US Federal Reserve data for the Kansas City region showed manufacturing activity at -9 in May. This was up from -10 in the previous month.
A negative reading indicates contraction in overall factory activity in the district. The May figure suggests slightly less contraction than the prior month.
Manufacturing Activity Still Contracting
The May manufacturing reading shows continued contraction at -9, which is still well below the threshold for growth. However, this is a slight improvement from the -10 we saw in April. This suggests that while outright bearish bets are logical, the momentum of the decline may be slowing down.
This weak economic data comes as the latest Consumer Price Index report showed core inflation remains persistent, hovering around 3.1% in April 2026. We are seeing traders increase bets on a Federal Reserve rate cut later this year, with December 2026 SOFR futures contracts gaining value. The market is now pricing in a greater chance the Fed will act to support the economy, even if inflation isn’t fully contained.
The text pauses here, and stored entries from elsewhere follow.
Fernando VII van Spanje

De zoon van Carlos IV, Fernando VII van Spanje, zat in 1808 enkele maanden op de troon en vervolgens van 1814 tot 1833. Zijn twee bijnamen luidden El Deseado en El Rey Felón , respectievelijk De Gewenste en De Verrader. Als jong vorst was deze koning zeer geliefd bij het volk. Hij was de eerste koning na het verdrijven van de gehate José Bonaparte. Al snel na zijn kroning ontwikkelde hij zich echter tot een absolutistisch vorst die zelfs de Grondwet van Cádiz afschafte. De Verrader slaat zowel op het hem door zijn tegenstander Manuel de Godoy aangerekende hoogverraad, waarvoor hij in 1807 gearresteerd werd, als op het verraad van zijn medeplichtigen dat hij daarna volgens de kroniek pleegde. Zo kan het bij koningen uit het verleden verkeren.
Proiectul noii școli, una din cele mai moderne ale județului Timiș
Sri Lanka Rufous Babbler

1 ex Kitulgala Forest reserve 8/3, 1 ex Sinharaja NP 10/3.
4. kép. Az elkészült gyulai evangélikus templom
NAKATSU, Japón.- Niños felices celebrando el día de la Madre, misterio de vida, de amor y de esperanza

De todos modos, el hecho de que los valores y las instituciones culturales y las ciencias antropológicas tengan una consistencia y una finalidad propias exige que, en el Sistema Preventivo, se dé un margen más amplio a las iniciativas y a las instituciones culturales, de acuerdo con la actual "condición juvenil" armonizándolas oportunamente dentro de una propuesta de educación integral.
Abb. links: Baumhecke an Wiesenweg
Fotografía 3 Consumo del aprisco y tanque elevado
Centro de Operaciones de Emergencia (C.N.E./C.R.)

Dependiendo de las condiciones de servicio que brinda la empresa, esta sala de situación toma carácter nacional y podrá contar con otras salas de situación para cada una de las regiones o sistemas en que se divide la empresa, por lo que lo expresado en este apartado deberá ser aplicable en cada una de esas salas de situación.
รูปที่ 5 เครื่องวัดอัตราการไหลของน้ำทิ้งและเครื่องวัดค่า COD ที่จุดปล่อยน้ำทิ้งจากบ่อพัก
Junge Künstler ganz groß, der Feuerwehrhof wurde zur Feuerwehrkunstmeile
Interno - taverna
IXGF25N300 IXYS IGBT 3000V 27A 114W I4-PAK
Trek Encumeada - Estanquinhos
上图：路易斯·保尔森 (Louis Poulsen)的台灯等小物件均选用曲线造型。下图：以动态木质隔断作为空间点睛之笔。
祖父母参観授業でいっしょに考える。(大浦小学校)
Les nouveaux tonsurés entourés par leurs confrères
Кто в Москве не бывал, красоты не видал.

We should look at options on industrial sector ETFs, as these companies are most directly affected by manufacturing activity. Buying protective put options can hedge against further weakness, but the slight improvement in the data also makes selling call spreads an attractive strategy to capture premium. This approach is reminiscent of the trading environment we saw in 2025 when the economy was also adjusting to the lagged effects of earlier Fed policy.
This kind of conflicting signal, showing both weakness and a marginal improvement, often adds to market uncertainty.
Positioning For Higher Volatility
We anticipate a potential rise in the VIX index, which has been trading near its historical lows recently. Call options on the VIX could serve as an inexpensive hedge for a broader portfolio against any sudden economic shocks in the next few weeks.